Morrie contempló el cadáver que estaba tras el vidrio, el cuerpo del hombre que le había reñido, lo había moldeado y le había enseñado a trabajar, que había guardado silencio cuando Morrie quería que hablase, que había dicho a Morrie que se tragase los recuerdos de su madre cuando él quería compartirlos con el mundo.

Asintió con la cabeza y se marchó. Como contaría más tarde, el horror de la sala le absorbió todas sus demás funciones. No lloró hasta varios días más tarde.

Con todo, la muerte de su padre ayudó a Morrie a prepararse para la suya propia. Sabía una cosa: habría muchos abrazos, besos, conversaciones y risas, y no quedaría ningún adiós por decir; tendría todas las cosas que había echado de menos con su padre y con su madre.

Morrie quería estar rodeado de sus seres queridos, conscientes de lo que le estaba pasando, cuando llegase el último momento. Nadie se enteraría por una llamada de teléfono, ni por un telegrama, ni tendría que asomarse a una ventanilla de vidrio en un sótano frío y desconocido.

картинка 53

En la selva tropical de América del Sur hay una tribu llamada desana cuyos miembros consideran que en el mundo hay una cantidad fija de energía que fluye entre todas las criaturas. Por lo tanto, todo nacimiento debe engendrar una muerte, y toda muerte produce un nuevo nacimiento. Así se conserva completa la energía del mundo.

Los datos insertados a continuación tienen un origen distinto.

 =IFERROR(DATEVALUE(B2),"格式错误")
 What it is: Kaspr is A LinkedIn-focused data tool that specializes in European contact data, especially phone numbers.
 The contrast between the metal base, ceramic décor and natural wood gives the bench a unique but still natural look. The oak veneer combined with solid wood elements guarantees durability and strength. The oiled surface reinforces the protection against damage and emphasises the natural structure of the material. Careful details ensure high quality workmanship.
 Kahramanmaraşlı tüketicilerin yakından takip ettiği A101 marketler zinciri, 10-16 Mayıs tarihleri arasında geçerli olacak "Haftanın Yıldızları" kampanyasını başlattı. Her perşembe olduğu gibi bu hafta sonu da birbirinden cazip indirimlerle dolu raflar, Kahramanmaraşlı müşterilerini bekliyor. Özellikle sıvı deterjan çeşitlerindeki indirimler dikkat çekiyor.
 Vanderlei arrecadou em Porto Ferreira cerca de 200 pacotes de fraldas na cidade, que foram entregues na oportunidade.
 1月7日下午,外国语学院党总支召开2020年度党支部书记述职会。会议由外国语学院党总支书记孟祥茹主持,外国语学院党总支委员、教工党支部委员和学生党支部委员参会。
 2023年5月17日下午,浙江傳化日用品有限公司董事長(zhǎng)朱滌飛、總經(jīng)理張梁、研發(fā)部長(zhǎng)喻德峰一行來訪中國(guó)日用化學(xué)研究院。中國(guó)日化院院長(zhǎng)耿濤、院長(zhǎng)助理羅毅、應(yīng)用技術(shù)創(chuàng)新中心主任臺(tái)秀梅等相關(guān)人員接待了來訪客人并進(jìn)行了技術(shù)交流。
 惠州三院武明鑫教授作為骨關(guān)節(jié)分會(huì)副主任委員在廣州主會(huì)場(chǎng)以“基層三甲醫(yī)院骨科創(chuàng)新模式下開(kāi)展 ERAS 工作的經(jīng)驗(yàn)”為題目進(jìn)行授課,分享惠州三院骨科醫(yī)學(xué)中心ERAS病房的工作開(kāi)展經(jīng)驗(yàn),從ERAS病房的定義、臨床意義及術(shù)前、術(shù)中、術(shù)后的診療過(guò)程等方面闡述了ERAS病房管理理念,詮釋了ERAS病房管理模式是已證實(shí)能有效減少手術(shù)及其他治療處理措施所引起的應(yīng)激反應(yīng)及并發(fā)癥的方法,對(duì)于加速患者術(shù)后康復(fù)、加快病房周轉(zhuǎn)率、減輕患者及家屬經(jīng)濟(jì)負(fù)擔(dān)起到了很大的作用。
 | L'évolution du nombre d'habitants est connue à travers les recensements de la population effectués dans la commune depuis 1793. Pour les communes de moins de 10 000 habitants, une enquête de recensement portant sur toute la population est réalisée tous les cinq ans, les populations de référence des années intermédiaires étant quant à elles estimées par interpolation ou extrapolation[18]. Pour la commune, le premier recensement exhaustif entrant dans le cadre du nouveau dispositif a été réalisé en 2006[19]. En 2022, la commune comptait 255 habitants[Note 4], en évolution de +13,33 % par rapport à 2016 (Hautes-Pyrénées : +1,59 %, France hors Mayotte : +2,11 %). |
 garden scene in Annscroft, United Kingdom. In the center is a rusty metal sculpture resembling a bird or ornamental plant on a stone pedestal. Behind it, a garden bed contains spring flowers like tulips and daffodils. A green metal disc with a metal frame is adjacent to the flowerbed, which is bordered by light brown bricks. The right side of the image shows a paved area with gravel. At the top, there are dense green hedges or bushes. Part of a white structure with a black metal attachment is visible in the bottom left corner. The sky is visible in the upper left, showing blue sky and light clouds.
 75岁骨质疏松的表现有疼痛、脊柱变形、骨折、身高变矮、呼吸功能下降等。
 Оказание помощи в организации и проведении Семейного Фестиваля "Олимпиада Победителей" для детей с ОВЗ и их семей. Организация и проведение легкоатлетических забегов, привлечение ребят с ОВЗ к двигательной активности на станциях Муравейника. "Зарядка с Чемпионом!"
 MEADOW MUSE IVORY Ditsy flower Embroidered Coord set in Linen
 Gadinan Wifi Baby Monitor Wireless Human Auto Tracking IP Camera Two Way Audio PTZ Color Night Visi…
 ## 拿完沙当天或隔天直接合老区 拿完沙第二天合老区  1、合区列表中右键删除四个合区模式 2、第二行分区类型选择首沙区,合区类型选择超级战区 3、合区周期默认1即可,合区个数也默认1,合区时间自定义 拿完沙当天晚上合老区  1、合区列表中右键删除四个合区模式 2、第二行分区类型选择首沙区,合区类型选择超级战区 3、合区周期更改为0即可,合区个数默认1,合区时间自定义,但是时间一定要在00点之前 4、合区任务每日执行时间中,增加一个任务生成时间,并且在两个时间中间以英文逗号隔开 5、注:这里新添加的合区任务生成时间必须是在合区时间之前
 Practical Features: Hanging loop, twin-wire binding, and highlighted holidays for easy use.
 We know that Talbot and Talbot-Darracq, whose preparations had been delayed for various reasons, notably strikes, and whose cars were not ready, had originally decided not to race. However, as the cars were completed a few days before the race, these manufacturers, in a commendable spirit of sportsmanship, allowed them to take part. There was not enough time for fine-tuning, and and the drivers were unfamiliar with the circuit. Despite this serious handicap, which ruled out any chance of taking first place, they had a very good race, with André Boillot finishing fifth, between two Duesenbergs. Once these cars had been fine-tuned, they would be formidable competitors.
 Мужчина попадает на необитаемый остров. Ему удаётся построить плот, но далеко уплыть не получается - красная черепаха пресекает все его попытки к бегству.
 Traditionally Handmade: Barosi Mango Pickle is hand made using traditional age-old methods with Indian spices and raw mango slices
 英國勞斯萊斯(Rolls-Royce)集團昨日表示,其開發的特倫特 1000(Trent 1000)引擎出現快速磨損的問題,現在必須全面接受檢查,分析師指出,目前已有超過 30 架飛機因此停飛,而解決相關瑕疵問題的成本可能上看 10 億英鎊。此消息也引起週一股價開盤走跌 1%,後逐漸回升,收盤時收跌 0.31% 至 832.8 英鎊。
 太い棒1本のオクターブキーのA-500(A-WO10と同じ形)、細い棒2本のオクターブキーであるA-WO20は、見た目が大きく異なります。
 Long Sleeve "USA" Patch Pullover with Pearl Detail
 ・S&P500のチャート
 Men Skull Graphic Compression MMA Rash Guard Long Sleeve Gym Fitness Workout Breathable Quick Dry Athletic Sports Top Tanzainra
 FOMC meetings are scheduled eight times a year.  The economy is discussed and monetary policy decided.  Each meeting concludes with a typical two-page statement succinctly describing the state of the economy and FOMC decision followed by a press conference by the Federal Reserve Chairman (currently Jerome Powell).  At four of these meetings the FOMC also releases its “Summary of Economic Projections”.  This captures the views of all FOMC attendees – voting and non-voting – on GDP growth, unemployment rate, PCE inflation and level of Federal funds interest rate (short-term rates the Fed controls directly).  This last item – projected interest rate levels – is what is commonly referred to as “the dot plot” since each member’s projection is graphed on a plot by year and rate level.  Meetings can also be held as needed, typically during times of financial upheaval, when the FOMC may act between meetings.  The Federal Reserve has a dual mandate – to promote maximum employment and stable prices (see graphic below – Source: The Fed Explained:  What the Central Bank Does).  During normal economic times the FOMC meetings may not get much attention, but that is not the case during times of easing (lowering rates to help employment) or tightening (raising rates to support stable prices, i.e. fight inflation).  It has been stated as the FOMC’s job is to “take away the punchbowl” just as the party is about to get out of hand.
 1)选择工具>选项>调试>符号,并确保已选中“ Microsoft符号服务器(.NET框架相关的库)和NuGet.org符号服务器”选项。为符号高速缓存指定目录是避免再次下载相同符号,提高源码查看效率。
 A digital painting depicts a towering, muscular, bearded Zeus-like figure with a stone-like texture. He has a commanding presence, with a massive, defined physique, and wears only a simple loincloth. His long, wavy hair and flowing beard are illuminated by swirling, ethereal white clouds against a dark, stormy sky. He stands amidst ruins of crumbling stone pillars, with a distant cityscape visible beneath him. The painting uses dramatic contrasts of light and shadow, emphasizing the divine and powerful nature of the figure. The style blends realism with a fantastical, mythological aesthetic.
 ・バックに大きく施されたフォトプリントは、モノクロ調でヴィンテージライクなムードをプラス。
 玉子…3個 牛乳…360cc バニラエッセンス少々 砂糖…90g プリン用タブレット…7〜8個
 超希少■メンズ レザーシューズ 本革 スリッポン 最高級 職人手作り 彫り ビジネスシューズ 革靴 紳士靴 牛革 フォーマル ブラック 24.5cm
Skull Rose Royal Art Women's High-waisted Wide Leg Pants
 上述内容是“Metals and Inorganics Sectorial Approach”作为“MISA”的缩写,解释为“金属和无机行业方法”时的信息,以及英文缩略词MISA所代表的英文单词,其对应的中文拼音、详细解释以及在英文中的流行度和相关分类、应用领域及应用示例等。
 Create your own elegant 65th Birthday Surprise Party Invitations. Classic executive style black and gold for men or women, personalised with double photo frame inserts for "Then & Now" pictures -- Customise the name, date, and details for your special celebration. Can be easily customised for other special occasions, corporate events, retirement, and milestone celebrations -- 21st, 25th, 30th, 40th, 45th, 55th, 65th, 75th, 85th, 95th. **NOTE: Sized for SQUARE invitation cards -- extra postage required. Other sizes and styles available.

Cuando los desanas van de caza para conseguir alimentos, saben que los animales que maten dejarán un vacío en el pozo espiritual. Pero creen que ese vacío se llenará con las almas de los cazadores desanas cuando mueran. Si no murieran hombres, no nacerían aves ni peces. Esta idea me gusta. A Morrie también le gusta. Parece que cuanto más se acerca a la despedida, más siente que todos somos criaturas de un mismo bosque. Lo que tomamos debemos reponerlo.